Liyosi admits that while officiating one has to have a thick skin to survive the noisy fans and their not so pleasant comments.
“It’s interesting because people ask me how I am coping in a male-dominated game.
“Tell them I work hard and just do my best. Anything outside the marked pitch is a sideshow. I don’t know anything else.
“Today I can make my decisions and not have to worry about letting anyone down, or letting myself down because I have confidence in how I read the game and interpret the rules.
“The key thing for me in any game I officiate is to stay focused and then review the match afterwards with players, my seniors and coaches and improving. Rugby refereeing is a daily learning experience,” she explained.
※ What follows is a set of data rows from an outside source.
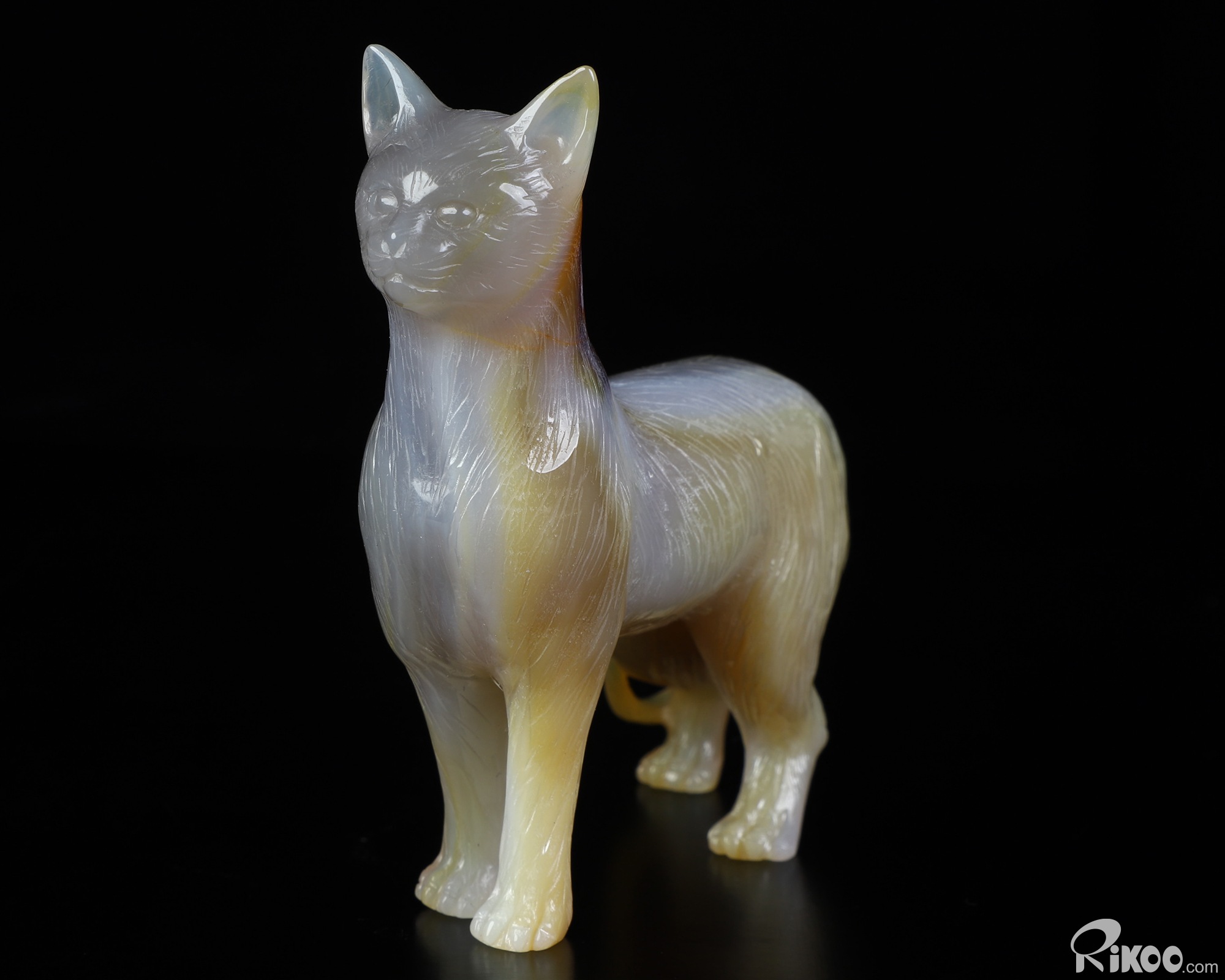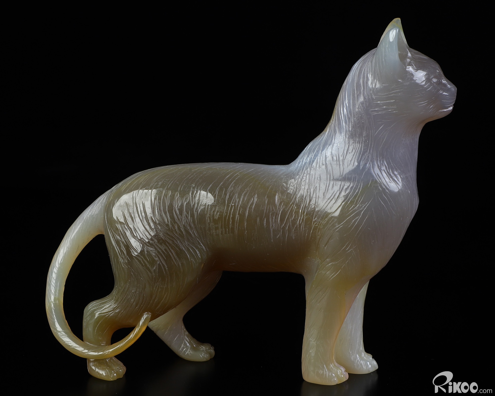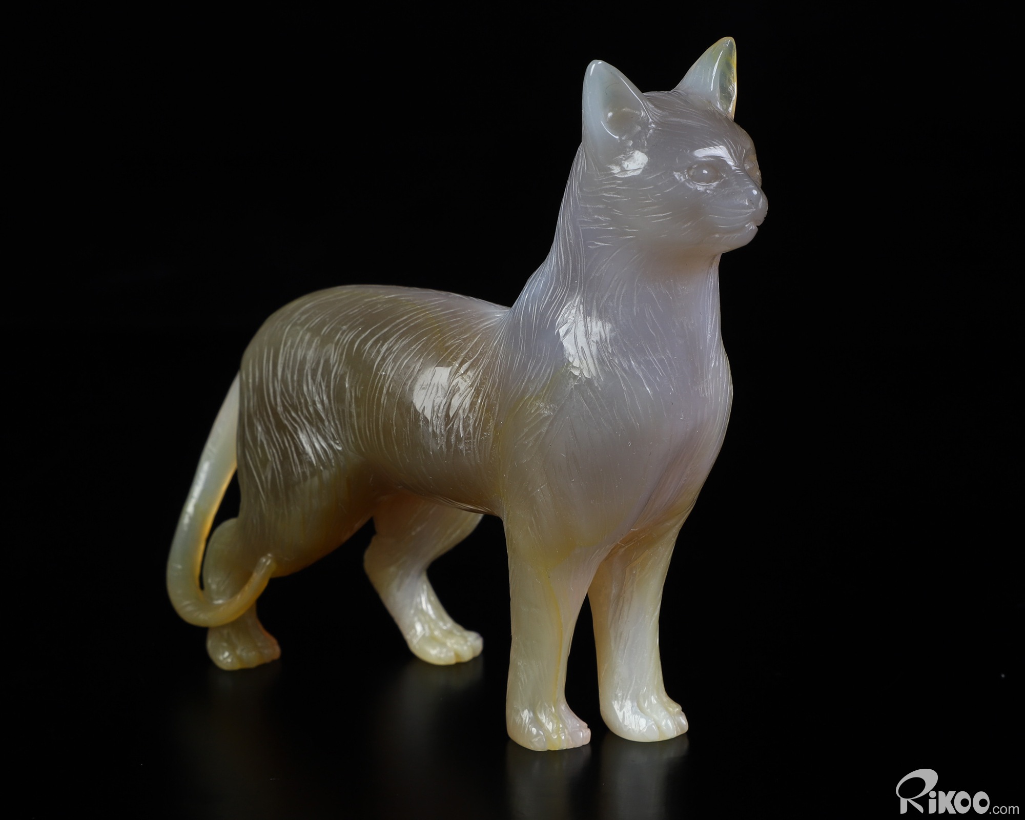 4.0" Premium Brazilian Agate Hand Carved Crystal Cat Sculpture, Crystal Healing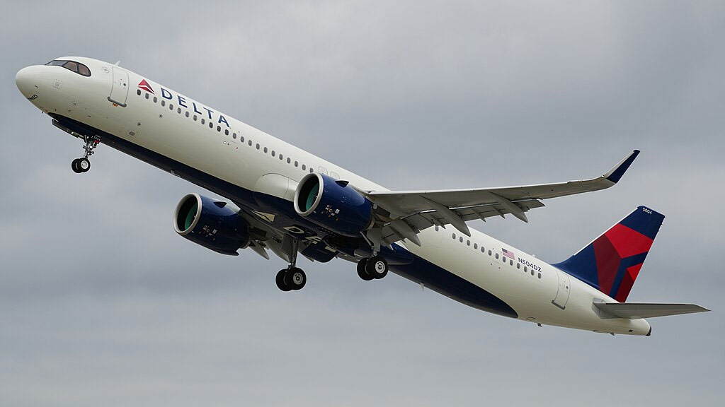 Airbus A321neo americké společnosti Delta Air Lines startuje z továrního letiště Airbusu ve Finkenwerderu u Hamburku (foto: MarcelX42/Wikimedia Commons - CC BY-SA 4.0)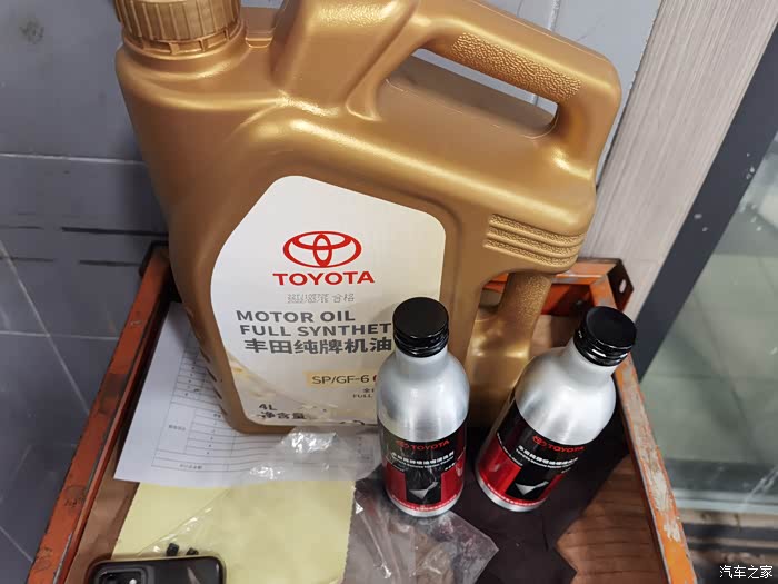 照着单子,准备需要用的东西,机油也是丰田纯牌机油。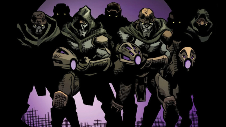 Like all quality henchmen, the Chitauri come in a variety of different — but visually similar because aesthetics are everything — forms. They first entered the Marvel Cinematic Universe back in 2012 when Loki (Tom Hiddleston) needed an army and Hulk (Mark Ruffalo) needed something to smash without cranking up the parental guidance rating. Since "Avengers," the cyborg hivemind goons never really left; they only expanded. 2019's "Avengers: Endgame" unveiled the Chitauri Gorillas, which look and act exactly like you'd imagine. These lumbering goliaths were designed by Jerad S. Marantz, a concept artist who specializes in creatures and costumes.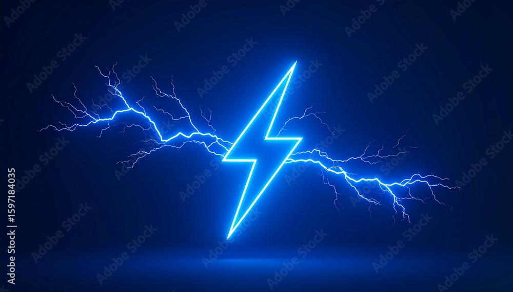 Bright blue neon lightning bolt symbol with electric energy sparks power electricity #1597184035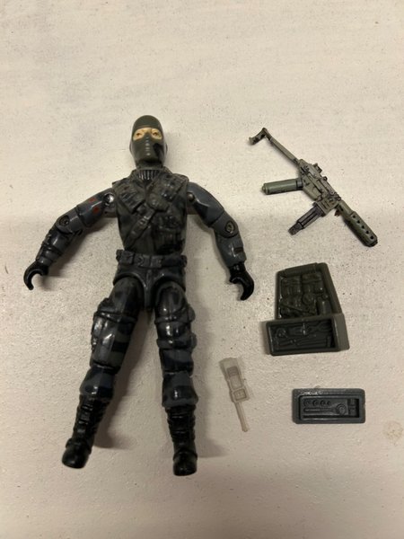 Actionfigur från G.I. Joe. Figuren är klädd i svart och grått med en svart mask. Medföljer gör ett gevär, en grå låda med verktyg och en mindre grå rektangulär del.
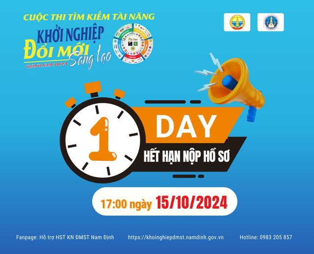 CHỈ CÒN 1 NGÀY ĐẾN HẠN CUỘC THI KHỞI NGHIỆP ĐỔI MỚI SÁNG TẠO THÀNH NAM 2024! 🚨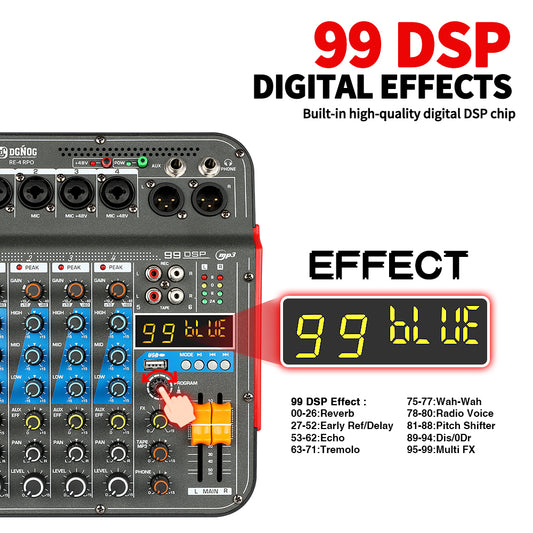 DGNOG Audio Mixer RE-4 PRO 4-channel 99 DSP Effects Professional With Bluetooth USB Interface for Family Parties Music Lover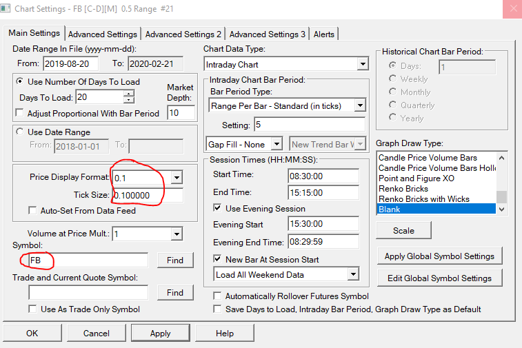 This is done through the Global Symbol Settings: Global Symbol Settings In the case of the symbol you show the Chart Settings screenshot for, you would want to change the settings on the ?? symbol pattern. Sierra Chart Support - Engineering Level Your definitive source for support. Other responses are from users. Try to keep your questions brief and to the point. Be aware of support policy: https://www.sierrachart.com/index.php?l=PostingInformation.php#GeneralInformation For the most reliable, advanced, and zero cost futures order routing, *change* to the Teton service: Sierra Chart Teton Futures Order Routing Date Time Of Last Edit: 2020-02-22 22:28:47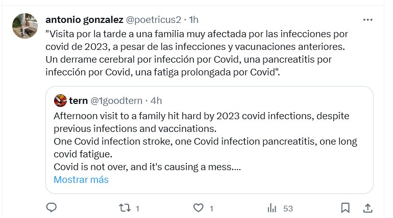 NO ES LEVE, NO TE DEJES ENGAÑAR «Visita por la tarde a una familia muy afectada por las infecciones por covid de 2023, a pesar de las infecciones y vacunaciones anteriores. Un derrame cerebral por infección por Covid, una pancreatitis por infección por Covid, una fatiga prolongada por Covid».

“The game’s stakeholders will respect you if you admit you got something wrong. They will equally respect you if you show them they are dead wrong and your calls and decisions were in accordance with the game’s rules.”
However, she admits she has made mistakes unknowingly.
“Referees are human beings. You call what you see and can miss a call. To err is human”.
She hopes to inspire other women to want to pick up refereeing as a result of seeing her out on the field.
“It’s not hard to be a woman referee. Aspiring women referees should not fear the shouting crowd. That’s part of the game.”
She says a good referee must be physically and mentally fit, be time conscious, a fast learner and not police the game but let it flow.
She also points out that it helps to research your upcoming game.
“Look for videos and watch the teams you’re set to officiate and call the referees who officiated previous matches involving the sides and seek for their opinions and advice,” says Liyosi, who trains from 5pm to 7pm, four times a week.
She says her lowest moment is when a team loses and blames her.
“It disturbs me while I know I did my best,” says Liyosi who is a great admirer of English rugby union referee Sara Cox, New Zealand rugby union player Portia Woodman and Homeboyz Ladies player Sheilla Kavugwe.
“Never underrate a female referee. If you see her on the pitch she is as qualified as a male referee. Don’t see gender, see a referee and give her respect,” says Liyosi, a graduate of Chwele Girls High School in Bungoma County.
But it is not all smooth sailing.
In her own words, she says one of the biggest challenges she continues to face is the lack of dressing rooms.
“There are no dedicated changing rooms for female referees and this should be food for thought for the Kenya Rugby Referees Association to ensure there are dedicated female changing rooms to make our job a lot easier.”